The affordability crisis really revealed itself from 2000 to 2010. Under the loose monetary policies of the Greenspan Fed, during a time in history where there were few investments available in new production, asset prices including real estate started inflating through the roof. During that period, Berkeley gained new housing units FASTER than it gained new households. During that period, Berkeley's overall vacancy rate went up AND housing became less affordable. 

Are you sure you want to stick to that supply-side argument about the present situation? 

Now back towards the homeless issues: 

My online friend, remarking on the idea that more homeless people should leave town than do, wrote: "I'm not proposing to "evict" anyone. I am saying that if you are not housed and not generating enough income to be housed, you have a slim chance of becoming housed and should expand your field of possibilities" 

People are being evicted. Forced migration has picked up considerably. The highways are increasingly clogged as opportunities for work and opportunities for housing grow more and more distant from one another. Public transportation is both overcrowded and crumbling and the money is not there to expand and repair it. More than half of the population is "housing insecure" in the sense that if they lose their housing, for any reason, they are likely to be forced to migrate or become homeless. Today's sizable homeless population, though it is impressive, is tiny compared to what is in the pipeline. 

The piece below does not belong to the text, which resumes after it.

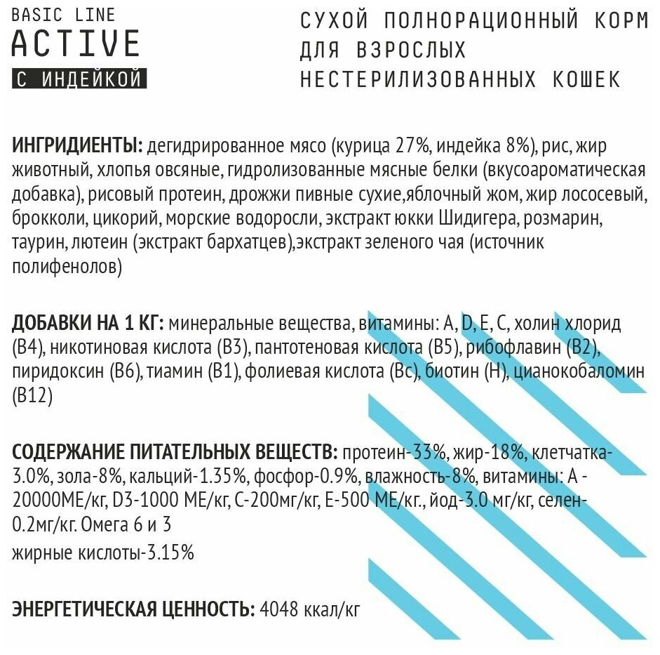AJO ACTIVE полнорационный корм для взрослых активных кошек с индейкой, 1,5 кг

This is an emergency. The vague idea that the poor can go live in a rust belt suburb or sleepy desert town has no footing against the scope of the problem now confronting society. 

You are living in the next Great Depression, even though for various technical reasons this is hidden in such statistics as headline GDP. 

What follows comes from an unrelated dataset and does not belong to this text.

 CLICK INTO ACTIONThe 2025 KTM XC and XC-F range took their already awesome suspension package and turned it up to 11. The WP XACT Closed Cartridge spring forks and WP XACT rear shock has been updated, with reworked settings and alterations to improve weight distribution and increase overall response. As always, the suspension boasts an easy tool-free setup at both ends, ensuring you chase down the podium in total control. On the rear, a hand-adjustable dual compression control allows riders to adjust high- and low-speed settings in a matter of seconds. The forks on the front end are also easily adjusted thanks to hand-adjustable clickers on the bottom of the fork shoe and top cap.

My interlocutor, a well intended Berkeleyan wrote: "I am not interested in spending more public money mistaking people's wants for needs. " 

Nobody like a moocher but don't worry, the public revenue is not enough to solve any of these problems. 

In the 1930s, deficit spending by the federal government at an enormous scale was able to raise aggregate demand enough to expand output. As it turns out, the only project of that scale the capitalists could agree upon was the project of World War II. (After all, while the allied nations languished during the depression, the Germans had achieved full employment quite swiftly by deficit spending to build a Wehrmacht.) 

After the war, first at Bretton Woods and then again during the Nixon Shock, the Keynesian system of boosting aggregate demand was enshrined internationally, with the U.S. playing the role of the principle debtor. The catch is that, as Keynes himself wrote, is that the key to this system is that its long term impact is to keep nominal wages the same or growing, but to steadily erode real wages. In that way, the steady improvements to productivity could be offset by driving down the real price of labor. 

Eventually, as even Keynes knew, such a system must drive wages below what it costs workers to live. Looking at his charts and tables, Keynes forecast that this point would be reached by around today. And here we are. (He left instructions which, interestingly, agree with Marx's: Reduce the length of the work week until either full employment is achieved or capitalism has given way to production for use rather than profit.) 

Here is the point: if you look honestly and fully at the economic developments since the 1930s until today, it is absolutely impossible to reduce economic inequality and poverty to questions of relative merit or virtue. Neither can the problems be explained so simply as the result of greed by this or that seller of goods or services. To take either position to engage in some kind of head-in-the-sand denialism.